The Malagasy warblers usually have dull colours, often olive-green, brownish or greyish above and yellow to whitish below, with sometimes contrasting head pattern such as pale supercilium, dark eye stripe or white throat. The more terrestrial species have strong legs and feet, and the bill is usually pointed but there are many variations in bill shapes, size of wing and tail, and tarsus lengths. The Long-billed Bernieria has relatively long bill.
Male and female have similar plumage and the juveniles are duller than adults.
This distinctive cryptic plumage allows the birds to melt into the environment. They are difficult to find, and often heard before to be seen.
The song usually delivered from perch is a series of melodious whistles preceded by a single harsher note. The contact call is generally a single “tsit” or “chep”, with variants according to each species.
These birds have short wings and some of them have fairly long, graduated tail, involving only short-distance, weak flights. They are not able to perform sustained flights and are sedentary on Madagascar.
Almost all these species frequents the eastern rainforest, at middle or high elevation. They forage, feed and nest in this habitat, and their morphology, plumage colour, legs, feet and bill shape are adapted to this environment.

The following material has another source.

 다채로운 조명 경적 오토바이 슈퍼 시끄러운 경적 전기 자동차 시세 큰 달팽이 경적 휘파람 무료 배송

However, the Thamnornis is found in the spiny subdesert scrub and the scrubby edges of the western deciduous forest in the sub-arid region of S and W coast, whereas the Appert’s Tetraka frequents the dry deciduous forests and montane evergreen forest in SW Madagascar.

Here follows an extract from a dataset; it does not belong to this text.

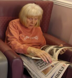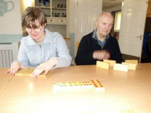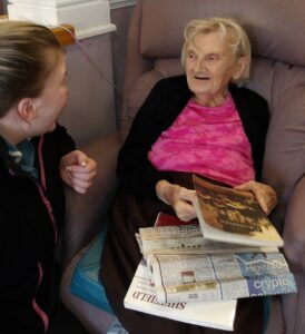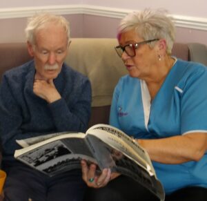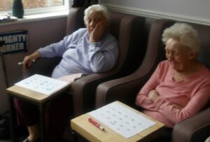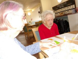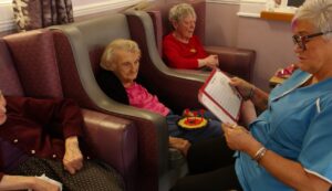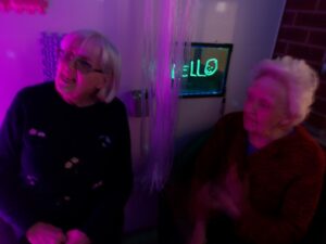 Residents enjoyed reminiscing whilst looking through old photograph books of Sheffield and surrounding areas. They played Play your cards right and Ann and Ann loved a visit to the sensory pod.

They feed primarily on insects and spiders caught on the ground, in low vegetation, in tree canopy or at treetops by walking, hopping, climbing, gleaning and probing. They are very active, searching for prey in moss, epiphytic plants, leaf-litter, palm fronds, bark, sometimes hanging with fluttering wings, or working in tit-like fashion. They may perform short flights to pursue a flying insect or when foraging from tree to tree.
They are often seen in family groups or in mixed-species foraging flocks outside breeding season.
The breeding behaviour of the Bernieridae is poorly known. The courtship displays are unknown, but we can suggest that the head pattern of some species is enhanced by adapted postures during this period. The birds probably sing more often prior to the breeding season. Their breeding system is suspected to be monogamous, although some observations of the Grey-crowned Tetraka may suggest co-operative breeding. The birds become territorial during the season which occurs generally between August/September and January/February.
The nest is usually cup-shaped and built in tree fork formed by two horizontal branches, but it may be suspended between twigs too. The nest of the Cryptic Warbler is a globular structure.
The cup is made with dry grass, moss or plant fibres, with a lining of finer material. It is placed near the ground in the understorey, or up to two metres above the ground in shrub.
The clutch contains 1-3 eggs and both parents probably share the nesting duties and feed the young. They are solitary nesters. But more information is required.
All the species are vulnerable to habitat destruction through clearance, fragmentation and degradation of forests for agriculture expansion and commercial logging. The habitat is also destroyed by slash-and-burn cultivation that involves difficult regrowth.
In spite of being present in several protected national parks and reserves, three species are Near Threatened, two of them are Vulnerable and the six remaining species are evaluated as Least Concern, but all the populations are declining. However, these statuses may change in the future as the forest habitat is continuously degraded owing to the increasing human population.